The collateral tongue
There Patricia was, in her cream, floral couch, when upon her gate there was a knock. Lazily, she removed her full body to find out who was disturbing her joy, her soap opera.
It was her mischievous neighbour, Peggy. And the look on her face said she was up to no good.
So, slowly, Patricia walked to her gate, but Peggy could not wait. Mid-way, she asked in an alarming tone, loudly, "Yuh no know say Government have yuh business expose ponline?"
"Like wah so?" a startled Patricia asked.
"Like the cream floral settee that yuh use to borrow money wid!"
Patricia's jaws dropped with a thud on to her ample bosom.
That was over a week ago, but it wasn't only Patricia who was stunned by the news of the existence of an online government platform where collateral is registered and where its details could be accessed by all and sundry.
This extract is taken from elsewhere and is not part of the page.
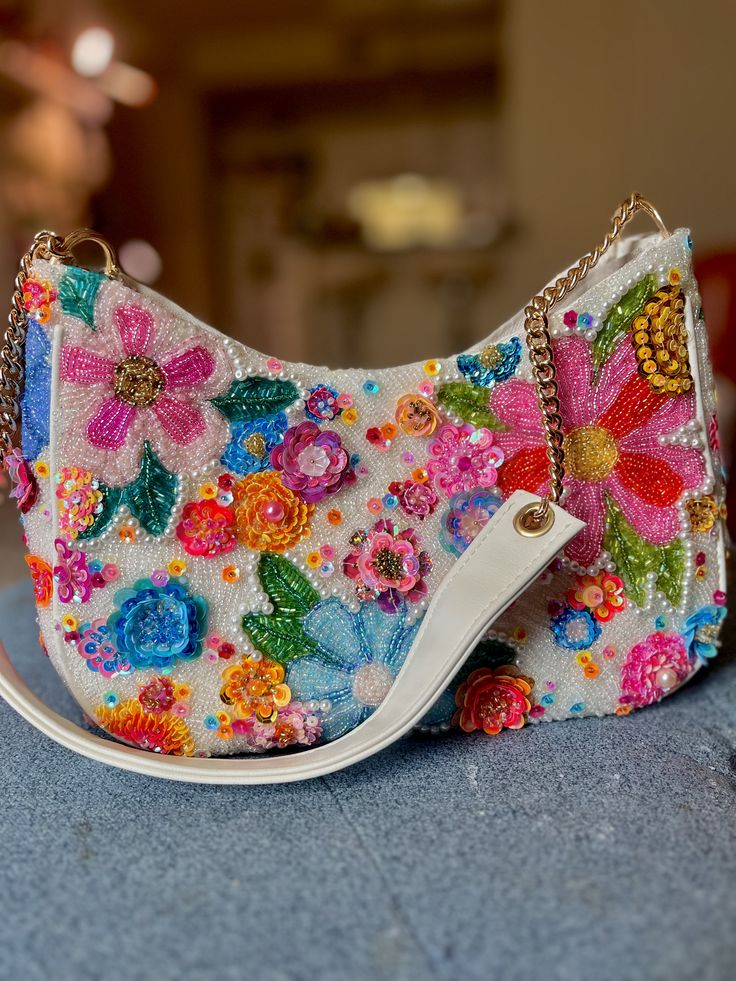 This beaded handbag feels like carrying a little garden in your hands. The mix of colorful flower patterns instantly makes the bag look cheerful, playful, and completely unique.

And that's how Peggy learned that Patricia had used everything in her house, including her breakfront with a piece of glass missing, and her cream, floral settee, as collateral for a small loan.
When the news got out, it was a very uneasy moment for many, not for me though. I, Oxy Moron, do not borrow. I only lend.
People were now entering the names of their enemies, detractors, supervisors, politicians, entertainers, the Pope, notorious gunmen, etc, but whom they all forgot to search were their cheating spouses.
I, Oxy Moron, not a lover of people's business, was livid that such a platform existed, but the more the searches continued, the more my interest was piqued. So, I slowly removed myself from the excitement and went to do my own research.
There is this ageing, pot-belly man, who couldn't get enough of the details of people's loans. So I decided to research him. And there his name was on my laptop screen, but when I saw his collateral, my eyes fell from their socket on to the keyboard.
When they were back in, I looked long and hard at the word tongue. He had used his tongue as collateral! Then, my heart stood still for a second when I read the description of his tongue: "pointed, pinkish white from overuse, very long, rough and scaly like a crocodile's skin, of great sensual value, in great demand, covered by insurance".
So I called him discreetly, and showed him his business. He exclaimed, "But that was long ago!"
"As long as your tongue," I joked. He was mad. Then he called a certain newspaper, which ran with the story the following day. And in less than 24 hours access to his and other people's business was denied.
But, I, Oxy Moron, do not believe that is the end of the story. That scaly-scaly, pointed tongue might just be at the centre of a legal battle. For many reasons Mr Nosy Parker cannot live without it.